<<<<
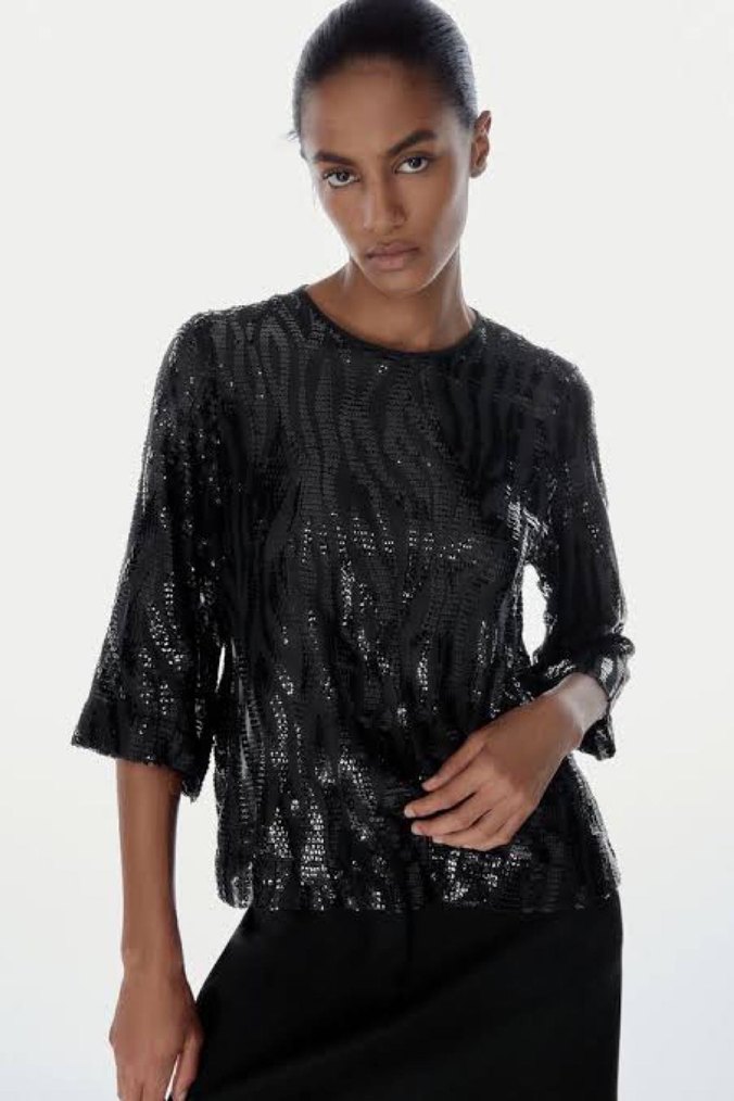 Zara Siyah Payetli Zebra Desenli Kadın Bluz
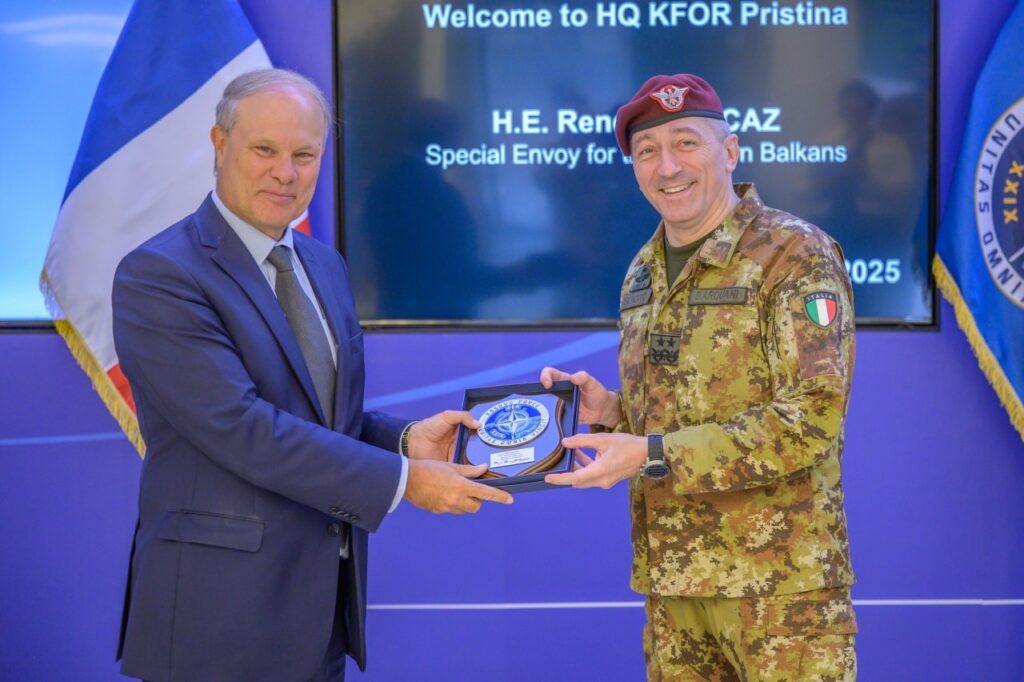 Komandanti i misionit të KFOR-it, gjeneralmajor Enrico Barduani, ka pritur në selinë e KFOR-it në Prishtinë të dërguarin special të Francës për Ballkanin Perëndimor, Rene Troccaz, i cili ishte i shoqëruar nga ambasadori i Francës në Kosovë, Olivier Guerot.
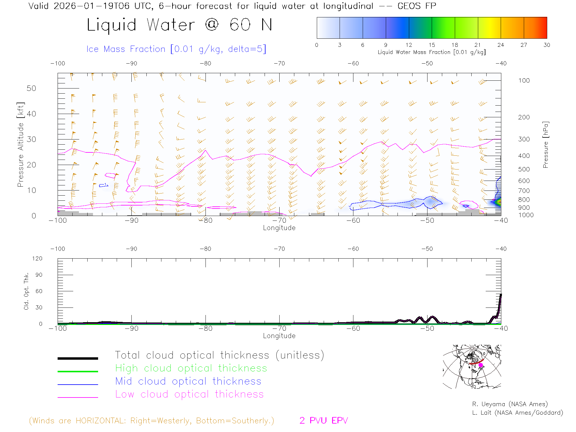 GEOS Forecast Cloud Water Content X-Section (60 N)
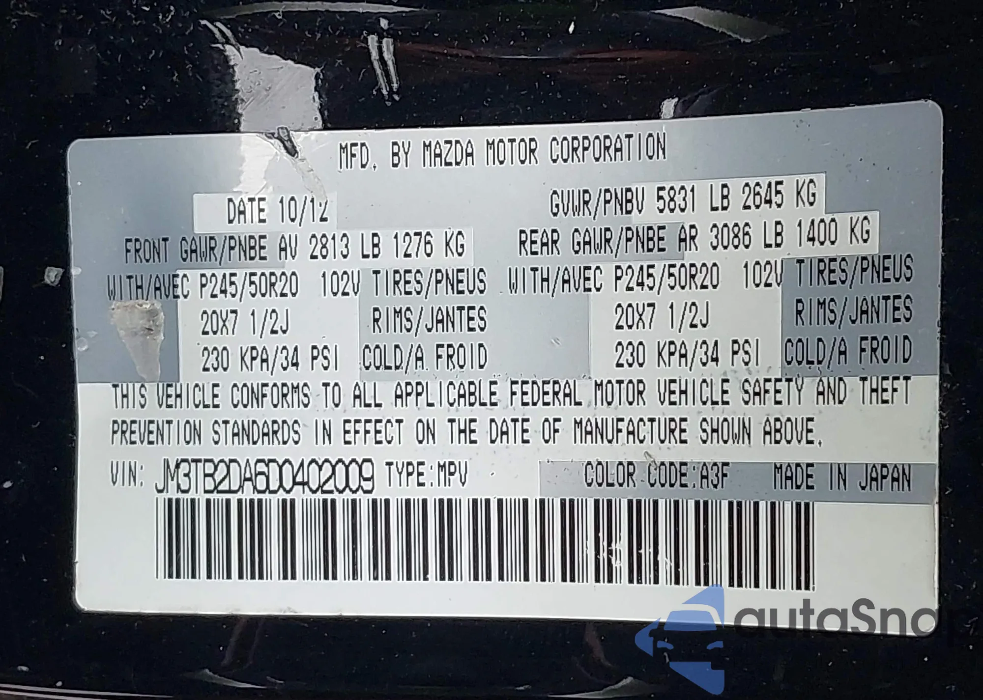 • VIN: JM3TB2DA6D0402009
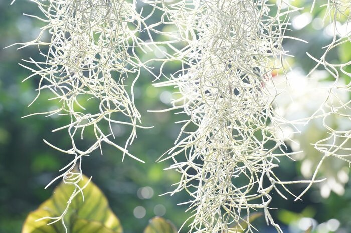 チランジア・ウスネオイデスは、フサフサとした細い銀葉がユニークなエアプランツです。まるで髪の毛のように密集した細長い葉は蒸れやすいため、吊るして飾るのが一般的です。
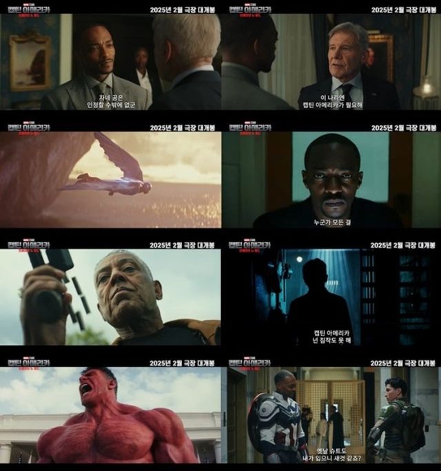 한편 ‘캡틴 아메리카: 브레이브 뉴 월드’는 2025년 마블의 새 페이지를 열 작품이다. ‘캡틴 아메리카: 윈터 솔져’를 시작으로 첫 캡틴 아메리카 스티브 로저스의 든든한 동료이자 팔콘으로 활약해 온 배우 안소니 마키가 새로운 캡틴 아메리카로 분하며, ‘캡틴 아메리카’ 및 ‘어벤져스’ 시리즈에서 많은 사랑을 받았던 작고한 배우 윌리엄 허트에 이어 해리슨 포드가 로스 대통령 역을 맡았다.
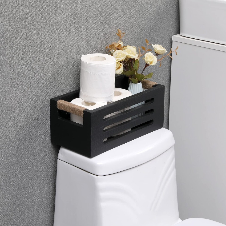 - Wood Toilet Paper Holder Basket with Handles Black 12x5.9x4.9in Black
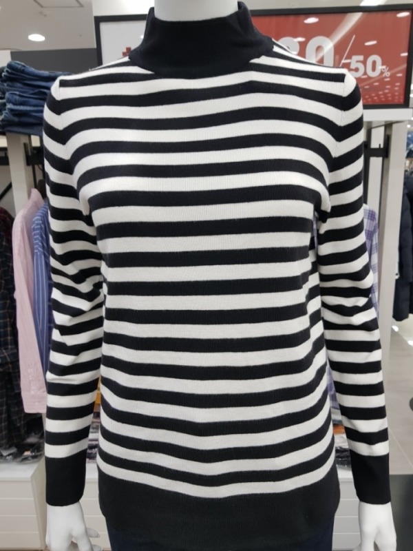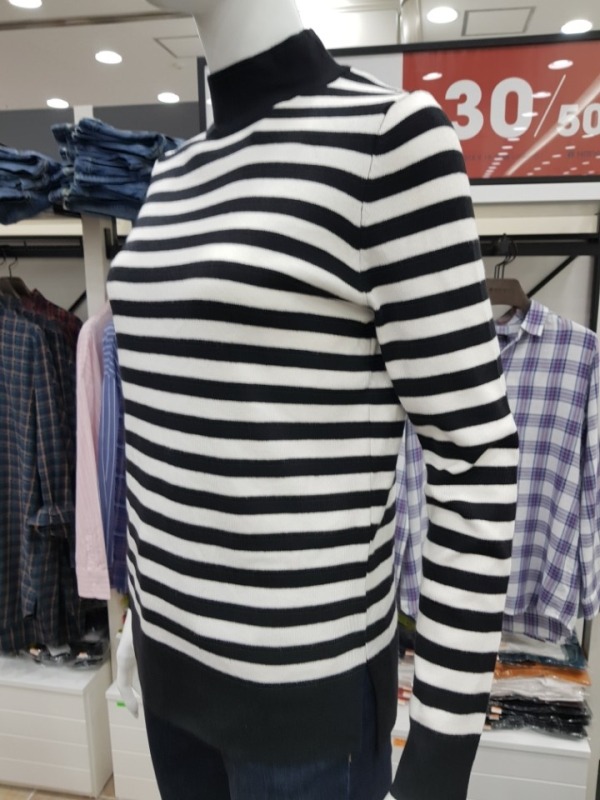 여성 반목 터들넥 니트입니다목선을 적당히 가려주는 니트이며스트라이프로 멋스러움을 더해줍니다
>>>>
<<<<
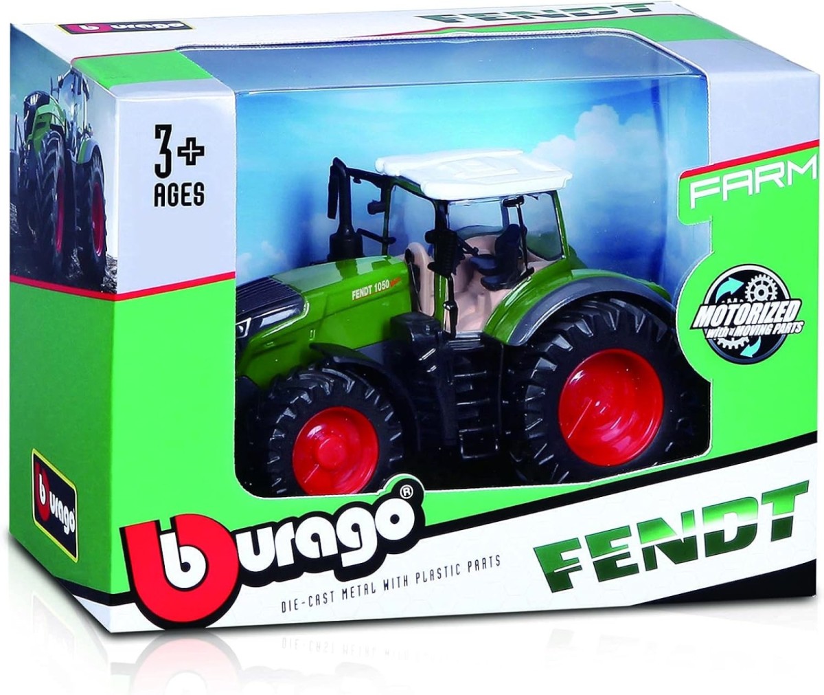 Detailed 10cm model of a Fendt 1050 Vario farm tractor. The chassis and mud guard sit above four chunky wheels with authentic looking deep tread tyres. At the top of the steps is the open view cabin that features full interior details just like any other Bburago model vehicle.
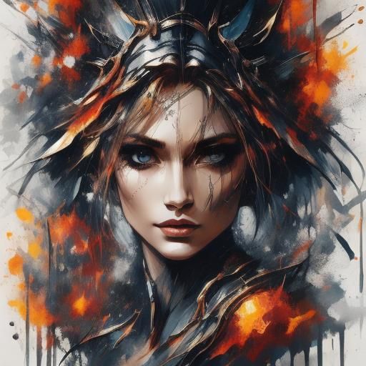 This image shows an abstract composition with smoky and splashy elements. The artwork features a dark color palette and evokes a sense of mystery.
>>>>
<<<<
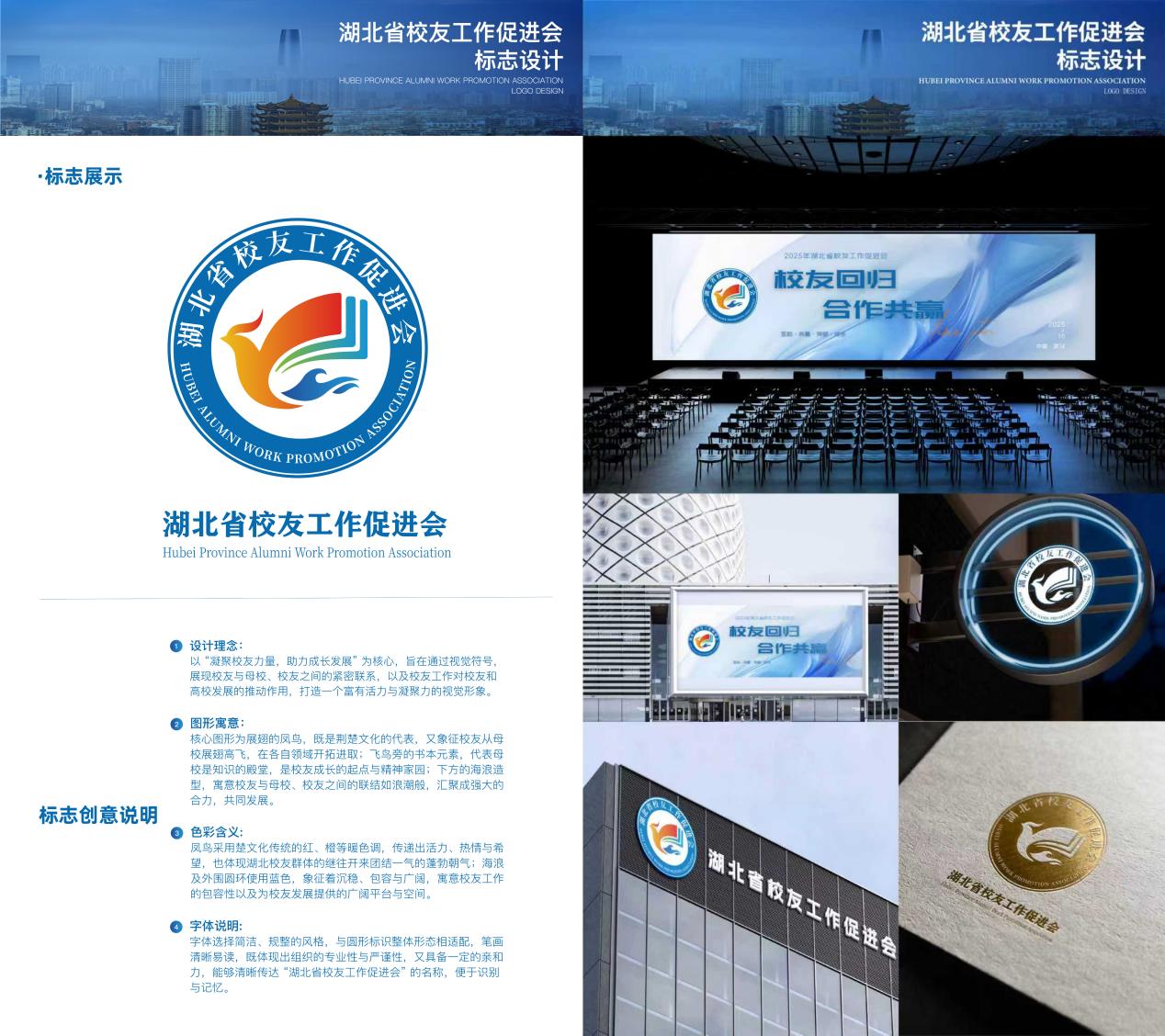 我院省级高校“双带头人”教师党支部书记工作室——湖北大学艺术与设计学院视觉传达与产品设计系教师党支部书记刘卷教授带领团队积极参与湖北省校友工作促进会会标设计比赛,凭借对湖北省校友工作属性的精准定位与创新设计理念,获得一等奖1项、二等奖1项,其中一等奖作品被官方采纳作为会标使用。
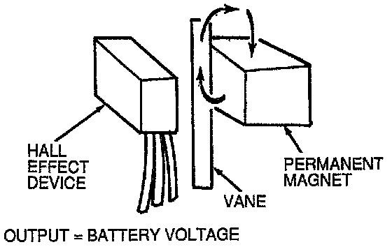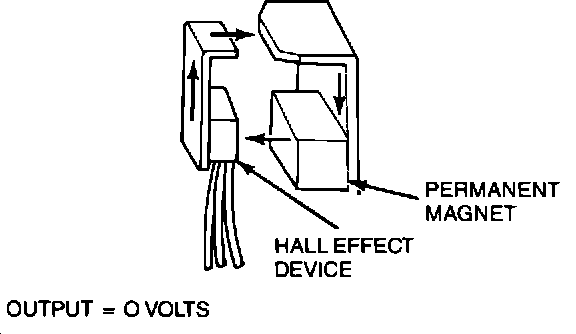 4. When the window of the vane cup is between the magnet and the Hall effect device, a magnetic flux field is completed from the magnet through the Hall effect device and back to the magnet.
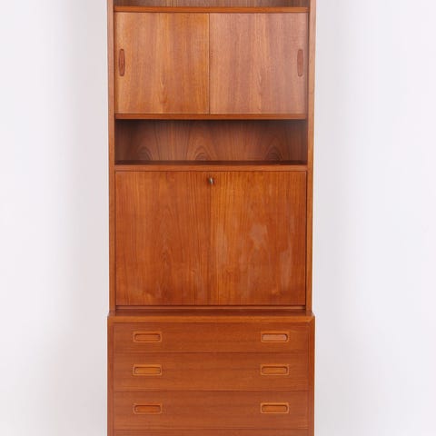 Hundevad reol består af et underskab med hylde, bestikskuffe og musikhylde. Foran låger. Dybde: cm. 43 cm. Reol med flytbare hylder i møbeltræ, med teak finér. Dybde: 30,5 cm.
>>>>
● WORK REQUIRED: Leaving out each picture, repeat exactly the lines above from the one that contains "- Wood Toilet" through the one that contains "여성 반목 터들넥 니트입니다목선을".

● SOLUTION:
 - Wood Toilet Paper Holder Basket with Handles Black 12x5.9x4.9in Black
 여성 반목 터들넥 니트입니다목선을 적당히 가려주는 니트이며스트라이프로 멋스러움을 더해줍니다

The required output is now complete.